The application of laparoscopic gastric surgery has rapidly increased for the treatment of early gastric cancer. However, laparoscopic gastrectomy for advanced tumor remains controversial, particularly in terms of oncologic outcomes. This study was designed to compare 3-year survival of laparoscopic versus open curative gastrectomy in early and advanced gastric cancer.


This was a retrospective matched cohort study. We included patients between 2003 and 2010 with an R0 resection.
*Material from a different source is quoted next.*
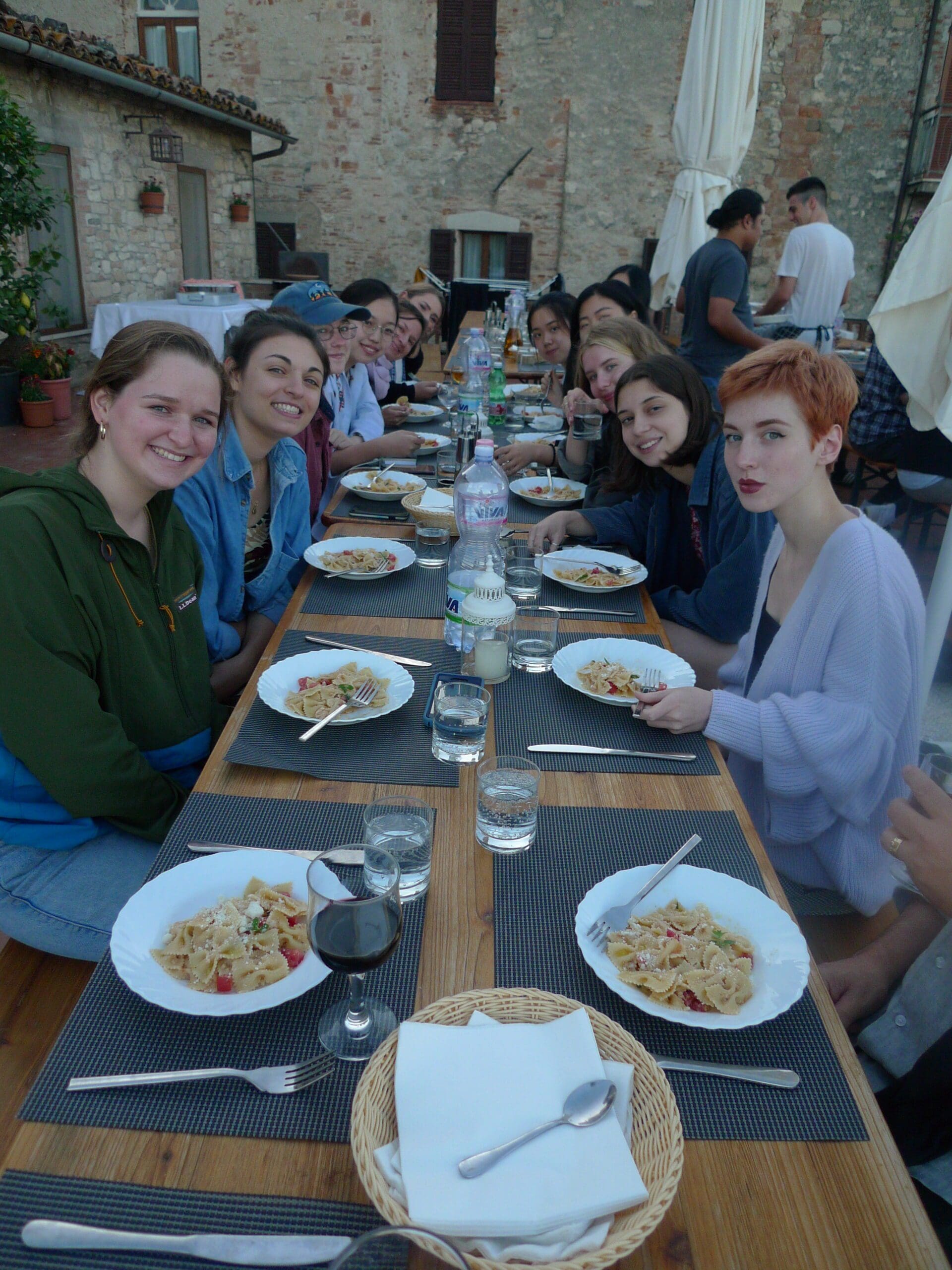 Perched on its little mountaintop, Monte Castello is home to about 300 residents, most of whom are descended from generations of Montecastelesi. These local people are directly involved in the day-to-day functioning of the school. The surrounding landscape is quilted with vineyards, olive groves and sunflower fields, and stitched in with rows of cypresses and umbrella pines. It is one of the richest areas of farmland in the country, hence Umbria’s designation as the “green heart of Italy.” The rich and bountiful harvest from these farms yields equally rich traditions in cooking, olive oil production, and wine and cheese making. Our program participants directly benefit from the bounty of this countryside, with traditional Umbrian meals prepared each day by our cook with fresh, locally grown ingredients.

A totally laparoscopic technique was used and D2 lymph node dissection was practiced routinely. We performed an intracorporeal hand-sewn esophagojejunostomy in all laparoscopic total gastrectomy cases. We matched all laparoscopic cases 1:1 with open cases according to TNM AJCC seventh edition. We used Mann-Whitney or t test and Chi-square test to compare both groups. Kaplan-Meier analysis with log-rank test was performed to compare survival.
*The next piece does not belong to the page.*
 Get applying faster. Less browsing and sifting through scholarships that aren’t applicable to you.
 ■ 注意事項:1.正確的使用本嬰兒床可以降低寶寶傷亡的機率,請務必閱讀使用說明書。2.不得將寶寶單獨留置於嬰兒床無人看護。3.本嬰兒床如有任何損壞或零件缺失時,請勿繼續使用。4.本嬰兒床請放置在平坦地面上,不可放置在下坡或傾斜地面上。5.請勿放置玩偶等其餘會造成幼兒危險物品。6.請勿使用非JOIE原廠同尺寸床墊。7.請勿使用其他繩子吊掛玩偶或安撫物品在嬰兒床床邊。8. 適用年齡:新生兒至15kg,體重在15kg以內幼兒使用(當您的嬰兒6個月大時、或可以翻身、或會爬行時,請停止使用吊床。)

We included 31 open and 31 laparoscopic cases (mean age 63 ± 14 years; 66% males). Both groups were identical in type of gastrectomy (71% total and 29% subtotal). There were no statistical difference between laparoscopic and open groups in age, sex, N category, tumor location and size, histological differentiation, and T category (48% T1, 13% T2, 16% T3, and 23% T4 in both groups), with 48% early and 52% advanced tumors. The median number of resected lymph nodes was similar: 35 (23-53) for laparoscopic and 39 (23-45) for open cases (P = 0.81). The median follow-up was 50 months. The overall 3-year survival was 82% for laparoscopic surgery and 87% for the open surgery group (P = 0.56). There were no difference in 3-year survival for the laparoscopic versus the open surgery groups for advanced tumors (74 vs. 75%, P = 0.88), N+ tumors (73 vs. 73%, P = 0.99) and for the different AJCC stages (stage 1: 94 vs. 100%, stage 2: 89 vs. 82%, and stage 3: 50 vs. 50%, P = 0.32, 0.83, and 0.98 respectively).


In this preliminary report, with 52% of advanced tumor, the 3-year overall and stage-by-stage survival was comparable for laparoscopic and open curative gastrectomy.